I had postpartum depression as well as postpartum anxiety. My brain was a living hell. I was too anxious to leave my house because i was convinced that someone was going to take my baby. Then I was too depressed to leave my bed. So I laid in bed with my baby and believed that a plane was going to crash through the roof of my house and kill us all. At that point I knew I couldn’t battle this alone. My OBGYN prescribed me some medication for my symptoms and I have been fine on medication since. As of right now it is not a good idea to take myself off of the medication even though it has been 2 years since my last baby was born. Becoming a mom has completely changed my chemical makeup and I will most likely have the effects forever.

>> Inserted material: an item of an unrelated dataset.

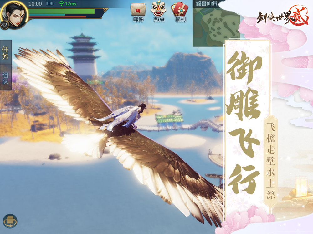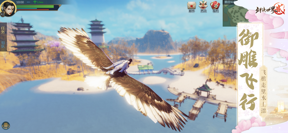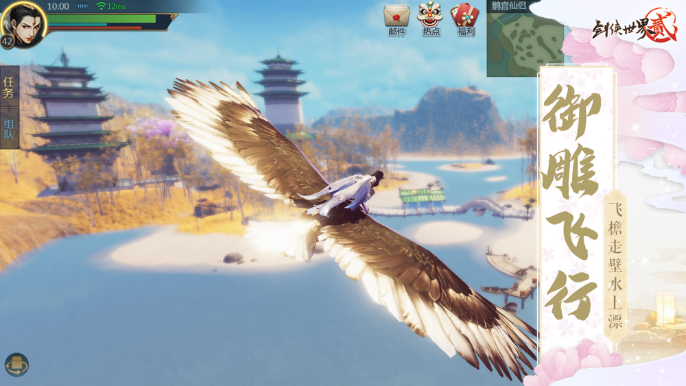 无轻功,不武侠。真实实现轻功飞檐走壁水上漂,四段轻功腾空飞行。创新设计御雕飞行,空中还可换雕,无缝纵览江湖美景。
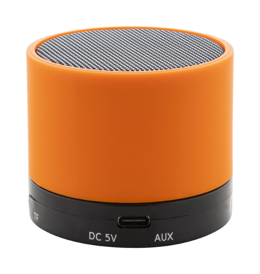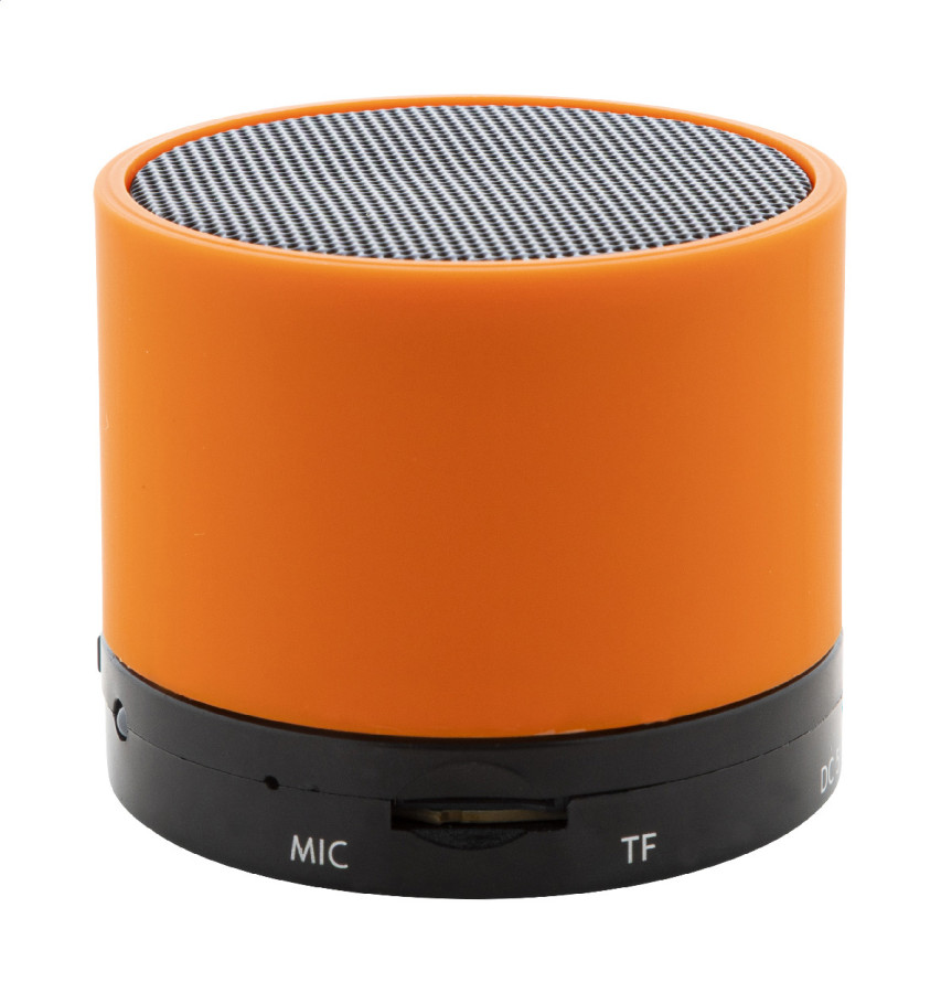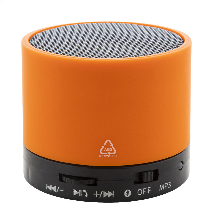 Bezdrôtový reproduktor z recyklovaného ABS v pogumovanom puzdre s kovovou sieťovinou a dobíjacou batériou (300 mAh). S funkciou handsfree hovorov a prehrávanie MP3 z micro SD karty. Vrátane nabíjacieho kábla USB.

Of course!! So with our oldest I had postpartum depression that began around 6 months postpartum. I kept silent about it until one night I packed a bag and was going to leave. Idk where I was going to go but I felt like (dad) and (name) were so much better off without me. I ended up talking myself out of it but keeping my bag packed. A few days later I decided instead of leaving with no where to go I was going to just end things period. (Dad) came home from work and called my dad, I went to a doctor and was put under a 24 hour watch. From then on I was on medication (citalopram) until I weened off months later when I felt much better! After our 2nd I began taking medication right at birth but it wasn’t enough. From my 6 week visit i spoke with my ob and she got me set up with therapy! I went for a year after that and was diagnosed with PPD (as I knew), PPTSD, PPOCD and derealization disorder. Through therapy I learned coping mechanisms for my ocd and derealization and it helped me overall with my depression just to speak openly about how I feel.

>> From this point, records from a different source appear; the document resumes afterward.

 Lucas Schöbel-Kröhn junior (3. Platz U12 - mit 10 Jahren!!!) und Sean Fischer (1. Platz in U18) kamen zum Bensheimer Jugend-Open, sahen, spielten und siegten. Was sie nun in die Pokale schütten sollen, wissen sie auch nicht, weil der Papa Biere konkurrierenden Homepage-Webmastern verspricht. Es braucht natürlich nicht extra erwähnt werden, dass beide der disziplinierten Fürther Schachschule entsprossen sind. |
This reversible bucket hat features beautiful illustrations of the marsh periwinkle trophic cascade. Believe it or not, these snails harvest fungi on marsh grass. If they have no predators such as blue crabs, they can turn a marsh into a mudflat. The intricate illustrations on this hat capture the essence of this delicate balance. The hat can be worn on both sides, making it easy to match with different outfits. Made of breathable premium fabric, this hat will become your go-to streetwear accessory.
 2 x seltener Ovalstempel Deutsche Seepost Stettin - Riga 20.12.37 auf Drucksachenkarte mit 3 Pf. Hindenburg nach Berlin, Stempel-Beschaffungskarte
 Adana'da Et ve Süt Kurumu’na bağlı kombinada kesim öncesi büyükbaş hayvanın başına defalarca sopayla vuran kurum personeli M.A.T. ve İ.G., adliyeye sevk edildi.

With our final baby I began taking citalopram immediately after birth again. Since she was born at 32 weeks everyday when I was there with her in the NICU a therapist would come talk to me to check in. Since I have the history of depression and an suicide attempt they wanted to keep an extremely close eye on me. Since she came home I have a social worker who calls every other week to check in on me and we chat. Next month I will begin therapy once again to help get me through the immediate postpartum period!
Growing and taking care of a baby is hard. It’s even harder when you are fighting your mental health. It’s important that moms, whether new or veteran, get love and support from their families and friends. They need to be in tune with their emotions and are able to read their bodies to determine if something is off. You are not alone mommas!
If you know someone in a crisis: Call 911 in an emergency. National Suicide Prevention Lifeline at 1-800-273-8255. TTY at 1-800-799-4889. The Crisis Text Line is open 24 hours a days, 7 days a week. Text HELLO to 741741.